DIRECTIONS FOR THIS TASK: Using the records below, transcribe word for word the stretch from the line that contains "其次是拼豆,一个个小豆子在模板上拼好,然后熨烫,完成!草帽一伙9只~(两年前)" through the line that contains "Figure 8. Distribution", both end lines included, and nothing else.

RECORDS FOR THE EXERCISE:
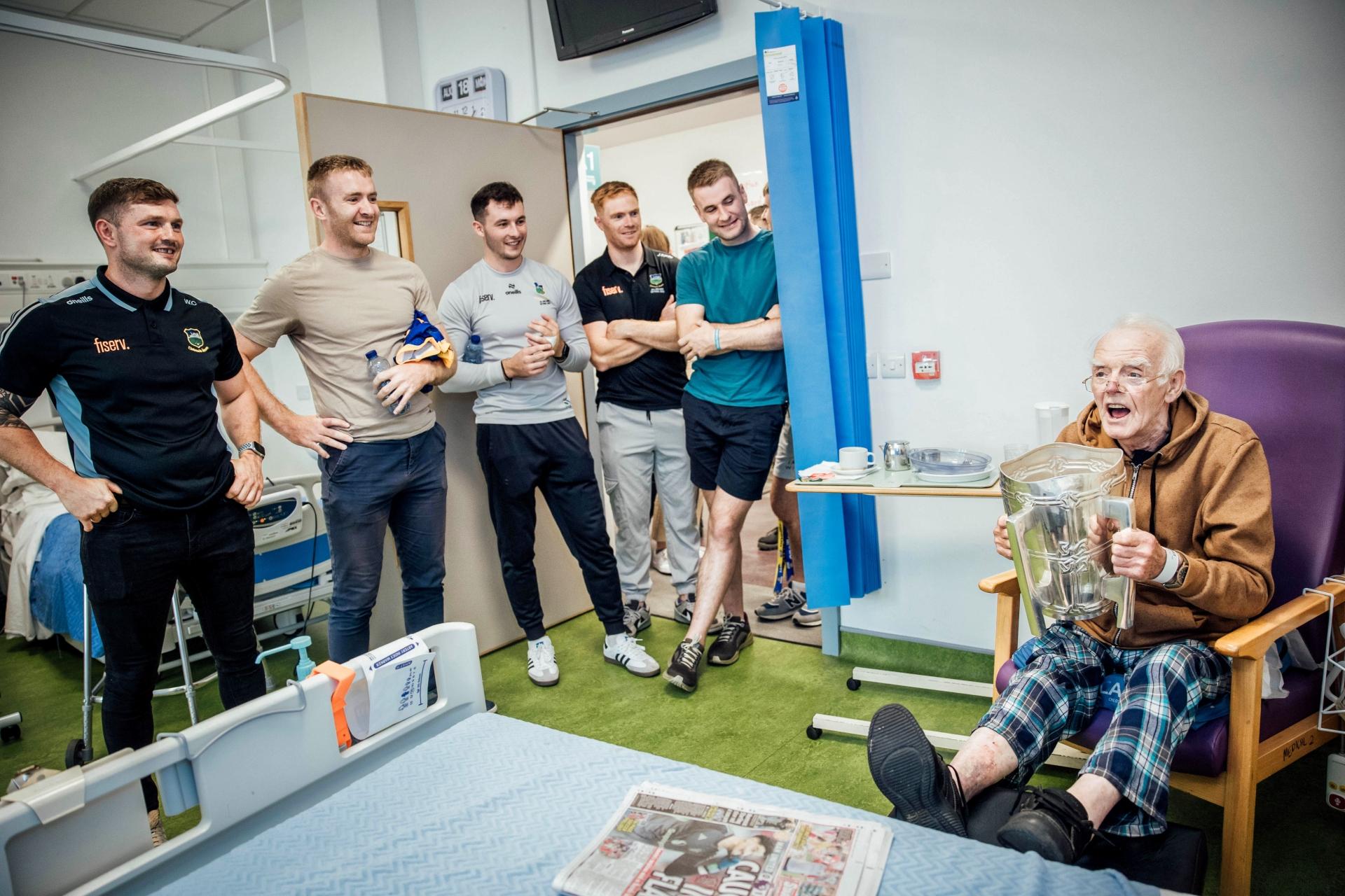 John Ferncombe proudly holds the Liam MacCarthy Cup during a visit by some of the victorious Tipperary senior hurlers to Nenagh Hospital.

...

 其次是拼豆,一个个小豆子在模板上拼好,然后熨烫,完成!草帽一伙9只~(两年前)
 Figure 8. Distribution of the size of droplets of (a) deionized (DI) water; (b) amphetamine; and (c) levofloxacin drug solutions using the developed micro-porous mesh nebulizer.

EXPECTED OUTPUT:
 其次是拼豆,一个个小豆子在模板上拼好,然后熨烫,完成!草帽一伙9只~(两年前)
 Figure 8. Distribution of the size of droplets of (a) deionized (DI) water; (b) amphetamine; and (c) levofloxacin drug solutions using the developed micro-porous mesh nebulizer.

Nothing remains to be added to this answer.